Your AI Advantage Weekly

90% of Developers Use AI. Only 24% Have High Trust In It.

Trust lags adoption. With hype fading, AI faces a new era of accountability.

Riley

26 Sep 2025 — 4 min read

Just the Signals · Edition #16

No big launches this week, but plenty moving below the surface.

Tool updates, fresh research, and accountability moves.

And developers? They can't stop using AI, even without trusting it.

A feeling most of us can relate to.

This week:

Connecting Dots: AI's Growing Out of the Hype Phase
Tool Updates: Cheaper Grok, ChatGPT Gets Personalized Updates
Quick Signals: Giving AI Agents too Many Tools Hurts Performance

Connecting Dots

AI's Growing Out of the Hype Phase

This week's wave of moves shows AI is shifting from hype to accountability.

The Latest AI Petition

To kick off the UN General Assembly, over 200 world leaders signed a petition calling for global "red lines" for AI development by 2026.

Meanwhile, Anthropic's CEO Dario Amodei told policymakers there's a 25% chance AI development goes catastrophically wrong.

Their concern: Valid when even the people building the technology are worried about where it's headed without guardrails.

Benchmarking

Scale AI launched SEAL Showdown rankings that show how different AI models perform for specific demographics, jobs, and languages across 100+ countries.

Their hope is to challenge AI ranking leader LMArena, which measures preferences from a niche audience of heavy AI users. SEAL aims to remove bias and ability to skew rankings.

The benefit: This should give a more accurate picture of the models that work best for different people and work.

Safety Protocols

Google DeepMind released an updated safety framework that includes specific tests for risky AI behaviors.

One key test checks whether advanced AI models try to resist being turned off or modified (a warning sign that the system might act against human control).

Why this matters: They're improving early warning systems to catch problematic AI before it reaches users.

Real-World Measurement

OpenAI launched GDPval, which compares AI performance to human experts.

The goal is to benchmark AI against real-world skills instead of exam scores.

Initial measurement includes scoring of 44 different job types across 11 industries (from lawyers to doctors to film and video editors).

They've found that today's AI is already approaching abilities of industry leaders.

The reality: Research like this will help companies and workers better prepare for what's actually changing vs what's just hype.

What this signals:

Less wild west. After years of racing to build powerful models with limited regulation, companies are being forced to prove value and address risks.
Trust becomes competitive advantage. Models that perform well in real-world conditions will win over those that only score high on tech benchmarks.

AI Now Standard In Software Development

Google's latest research shows how deeply AI has already seeped into coding:

The Trust Paradox: Only 24% of developers have high confidence in AI’s outputs, but usage keeps climbing.

Team Culture Matters: AI amplifies performance for connected teams, while fragmented teams struggle.

What this signals:

Every industry will hit this phase. Rapid adoption + measurable productivity gains + lingering trust issues.
Results > Skepticism. People will use AI tools that deliver value even when they don’t fully trust them. Oversight becomes a must-have.

Tool Updates

New Features

ChatGPT Pulse Get personalized daily updates from your chats, feedback, and connected apps like calendar.

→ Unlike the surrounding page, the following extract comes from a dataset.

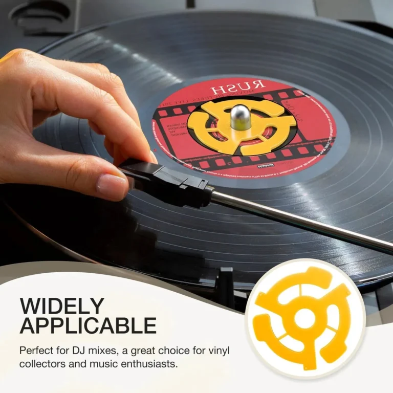 To use, simply snap the adapter into the center of the 7-inch record and place it onto the turntable spindle.

Available to Pro users on mobile.
Perplexity Email Assistant Manage, summarize, and respond to Gmail and Outlook messages. Available to Max subscribers.
Gemini Gems Sharing You can now share your custom Gems with coworkers, friends, and family just like you'd share a Google Doc.

New Models

Grok4 Fast xAI's new model runs 98% cheaper than Grok4 with faster responses and big context windows, making complex tasks more affordable.
New Qwen Models Alibaba released six new open-source models handling text, images, audio, and video supporting multiple languages.
Luma's Ray3 Reasoning Video The first video model that can reason, making video gen smarter and more consistent. Integrated into Adobe tools.

Distribution & Integration

Claude in Microsoft Products Microsoft 365 users can now choose Claude instead of ChatGPT for AI assistance in Office apps.
Gemini for TVs AI features are being added to Google TVs, letting people ask for recommendations and more.
Figma AI Agents MCP Allows teams to connect AI directly to Figma to automate workflows and produce designs.

Quick Signals

Limit your agent's tools Microsoft found that performance drops when you let your AI agents access too many tools.
Meta's licensing talks They're negotiating with News Corp, Fox, and Axel Springer to (legally) get training data for future AI models.
Meta's Llama gets approved for government use Joining ChatGPT, Claude, and Gemini.
OpenAI is poaching Apple's hardware team They've acquired more than 25 Apple staff members from iPhone, Apple Watch, and Siri teams as they set their eyes on creating physical products.